As illustrated in Table 1, positions and length can
be given as absolute time codes (e.g., 1m13s), as index points
(e.g., index1) or as number of frames where applicable (e.g.,
1825f).
2.5 Compound Multimedia Documents
Multimedia animations are much more complex than the media types introduced
above. Although they can be seen as compound documents they can usually
not be treated as composites of basic media types.
One reason is that the most common documents formats such as
Macromedia Flash are more or less proprietary (e.g., [Macromedia 2005]). This means that even if a video
clip within a multimedia animation is represented as an individual
object in the document format, it might not be possible to access it
separately or to extract it. Thus, even relatively simple operations
such as cropping the area to be displayed might be very hard to
implement.
Despite these difficulties and in order to underline the fundamental
concept, it should be mentioned that, at least in theory, it is possible
to make fine-grained transclusions of compound multimedia documents in
HTML. Examples are:
- spatial, temporal or spatio-temporal selections of entire animations;
- selections of single objects or a group of objects within complex animations;
or
- spatial, temporal or spatio-temporal selections of individual objects
or a group of objects of complex animations.
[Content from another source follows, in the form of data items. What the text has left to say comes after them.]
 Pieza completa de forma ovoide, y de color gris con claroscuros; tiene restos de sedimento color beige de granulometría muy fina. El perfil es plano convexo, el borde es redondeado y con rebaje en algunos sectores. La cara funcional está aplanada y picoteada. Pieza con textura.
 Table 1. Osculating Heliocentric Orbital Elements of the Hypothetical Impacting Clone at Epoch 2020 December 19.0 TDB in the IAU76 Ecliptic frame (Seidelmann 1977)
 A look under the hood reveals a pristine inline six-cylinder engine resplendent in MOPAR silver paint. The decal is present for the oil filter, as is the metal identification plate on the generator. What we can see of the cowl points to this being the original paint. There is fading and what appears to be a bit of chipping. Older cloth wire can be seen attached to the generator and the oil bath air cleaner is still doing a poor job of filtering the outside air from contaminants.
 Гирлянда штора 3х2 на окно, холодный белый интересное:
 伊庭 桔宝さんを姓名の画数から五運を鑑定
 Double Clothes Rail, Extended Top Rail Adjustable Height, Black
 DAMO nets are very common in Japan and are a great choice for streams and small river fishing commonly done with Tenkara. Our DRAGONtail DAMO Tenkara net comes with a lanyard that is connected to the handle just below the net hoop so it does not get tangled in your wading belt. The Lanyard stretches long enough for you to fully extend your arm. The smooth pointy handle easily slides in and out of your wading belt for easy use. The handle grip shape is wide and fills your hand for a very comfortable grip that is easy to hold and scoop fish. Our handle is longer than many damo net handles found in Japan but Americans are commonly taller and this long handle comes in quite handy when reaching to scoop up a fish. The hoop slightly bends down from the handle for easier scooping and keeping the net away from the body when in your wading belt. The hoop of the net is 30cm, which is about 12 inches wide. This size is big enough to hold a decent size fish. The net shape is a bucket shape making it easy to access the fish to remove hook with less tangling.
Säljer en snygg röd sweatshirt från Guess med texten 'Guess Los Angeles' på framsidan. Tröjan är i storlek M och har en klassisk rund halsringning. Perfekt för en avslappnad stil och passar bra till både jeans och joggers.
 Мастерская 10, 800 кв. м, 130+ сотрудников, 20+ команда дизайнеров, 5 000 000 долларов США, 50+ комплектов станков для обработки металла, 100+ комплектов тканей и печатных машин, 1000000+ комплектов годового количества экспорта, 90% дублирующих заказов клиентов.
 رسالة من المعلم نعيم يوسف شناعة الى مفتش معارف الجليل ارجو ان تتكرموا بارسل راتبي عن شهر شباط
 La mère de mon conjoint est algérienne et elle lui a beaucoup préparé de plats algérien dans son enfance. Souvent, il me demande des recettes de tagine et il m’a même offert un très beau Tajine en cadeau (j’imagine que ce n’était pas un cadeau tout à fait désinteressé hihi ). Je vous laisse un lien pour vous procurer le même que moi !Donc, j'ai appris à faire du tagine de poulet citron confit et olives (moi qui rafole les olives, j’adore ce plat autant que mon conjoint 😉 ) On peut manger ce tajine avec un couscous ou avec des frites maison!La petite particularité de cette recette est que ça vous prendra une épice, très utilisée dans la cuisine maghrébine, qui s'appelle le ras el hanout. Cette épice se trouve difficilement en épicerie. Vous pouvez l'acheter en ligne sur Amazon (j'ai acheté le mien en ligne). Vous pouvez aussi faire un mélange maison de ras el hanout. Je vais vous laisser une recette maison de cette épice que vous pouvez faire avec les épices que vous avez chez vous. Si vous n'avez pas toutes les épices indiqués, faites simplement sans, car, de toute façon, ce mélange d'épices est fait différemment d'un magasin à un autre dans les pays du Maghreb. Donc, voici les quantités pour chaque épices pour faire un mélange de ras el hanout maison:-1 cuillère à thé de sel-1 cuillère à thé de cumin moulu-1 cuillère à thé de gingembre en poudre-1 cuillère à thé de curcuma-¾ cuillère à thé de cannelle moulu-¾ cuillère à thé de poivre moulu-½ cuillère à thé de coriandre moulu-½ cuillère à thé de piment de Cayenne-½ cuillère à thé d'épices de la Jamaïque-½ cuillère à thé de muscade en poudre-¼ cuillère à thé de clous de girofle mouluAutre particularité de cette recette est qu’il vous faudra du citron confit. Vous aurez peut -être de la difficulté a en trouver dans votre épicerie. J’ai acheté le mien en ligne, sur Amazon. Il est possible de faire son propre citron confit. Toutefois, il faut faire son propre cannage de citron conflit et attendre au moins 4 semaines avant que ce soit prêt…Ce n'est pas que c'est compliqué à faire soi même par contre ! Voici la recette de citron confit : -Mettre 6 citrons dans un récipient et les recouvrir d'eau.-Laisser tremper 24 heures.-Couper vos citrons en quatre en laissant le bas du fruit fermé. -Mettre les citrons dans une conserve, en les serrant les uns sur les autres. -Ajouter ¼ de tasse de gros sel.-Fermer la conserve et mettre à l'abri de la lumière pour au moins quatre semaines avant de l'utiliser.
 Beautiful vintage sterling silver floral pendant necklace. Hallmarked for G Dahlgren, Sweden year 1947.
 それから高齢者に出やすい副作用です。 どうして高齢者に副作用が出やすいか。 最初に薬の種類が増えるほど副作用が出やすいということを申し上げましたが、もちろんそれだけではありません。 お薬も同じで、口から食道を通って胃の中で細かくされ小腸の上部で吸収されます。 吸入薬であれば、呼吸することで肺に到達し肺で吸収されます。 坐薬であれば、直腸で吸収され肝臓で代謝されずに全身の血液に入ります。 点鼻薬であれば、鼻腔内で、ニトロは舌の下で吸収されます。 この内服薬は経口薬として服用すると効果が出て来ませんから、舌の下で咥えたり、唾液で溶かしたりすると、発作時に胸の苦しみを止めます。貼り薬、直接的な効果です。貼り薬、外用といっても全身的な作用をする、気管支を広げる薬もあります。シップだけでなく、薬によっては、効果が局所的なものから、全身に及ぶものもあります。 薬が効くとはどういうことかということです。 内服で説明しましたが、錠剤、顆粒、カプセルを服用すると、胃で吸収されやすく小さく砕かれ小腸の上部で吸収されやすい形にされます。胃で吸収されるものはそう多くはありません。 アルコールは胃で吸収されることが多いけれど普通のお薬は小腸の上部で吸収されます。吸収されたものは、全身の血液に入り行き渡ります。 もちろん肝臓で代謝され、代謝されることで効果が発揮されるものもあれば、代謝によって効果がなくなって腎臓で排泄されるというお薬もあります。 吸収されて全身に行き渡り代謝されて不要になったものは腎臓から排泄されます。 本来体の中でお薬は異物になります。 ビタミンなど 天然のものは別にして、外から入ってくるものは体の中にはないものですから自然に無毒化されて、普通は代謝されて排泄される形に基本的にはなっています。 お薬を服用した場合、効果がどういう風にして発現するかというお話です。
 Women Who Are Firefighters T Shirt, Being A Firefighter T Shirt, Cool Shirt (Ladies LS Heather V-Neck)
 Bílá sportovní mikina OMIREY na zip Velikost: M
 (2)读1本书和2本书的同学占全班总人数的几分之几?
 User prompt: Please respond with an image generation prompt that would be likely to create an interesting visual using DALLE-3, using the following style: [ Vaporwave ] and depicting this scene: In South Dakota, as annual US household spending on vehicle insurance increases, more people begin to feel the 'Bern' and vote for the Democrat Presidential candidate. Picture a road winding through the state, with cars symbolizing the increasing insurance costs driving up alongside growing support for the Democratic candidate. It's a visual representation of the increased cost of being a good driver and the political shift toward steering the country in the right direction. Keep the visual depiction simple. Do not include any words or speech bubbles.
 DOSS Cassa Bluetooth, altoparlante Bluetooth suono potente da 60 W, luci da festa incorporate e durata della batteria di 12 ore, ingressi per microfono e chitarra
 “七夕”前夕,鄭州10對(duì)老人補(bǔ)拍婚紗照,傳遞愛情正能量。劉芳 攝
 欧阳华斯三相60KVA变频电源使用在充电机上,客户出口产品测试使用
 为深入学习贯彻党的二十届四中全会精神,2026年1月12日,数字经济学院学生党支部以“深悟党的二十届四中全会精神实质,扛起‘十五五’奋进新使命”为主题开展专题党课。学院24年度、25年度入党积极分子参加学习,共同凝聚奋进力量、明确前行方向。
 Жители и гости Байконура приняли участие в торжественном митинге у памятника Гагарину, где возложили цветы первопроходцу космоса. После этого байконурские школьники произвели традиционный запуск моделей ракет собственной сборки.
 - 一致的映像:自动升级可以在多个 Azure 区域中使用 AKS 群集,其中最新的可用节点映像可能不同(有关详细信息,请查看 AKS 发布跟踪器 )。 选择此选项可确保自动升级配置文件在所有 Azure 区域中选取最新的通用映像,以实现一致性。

An actual implementation, however, would most probably require active
support from the companies maintaining the respective document format.
3 Approaches to an Implementation
Fine-grained transclusions are not only an abstract concept in hypermedia
theory but there are several potential application areas that are particularly
well suited for the proposed functionality. Therefore two approaches to
an implementation are introduced, the design goals are detailed, and a
prototype implementation that can be accessed over the Internet is presented.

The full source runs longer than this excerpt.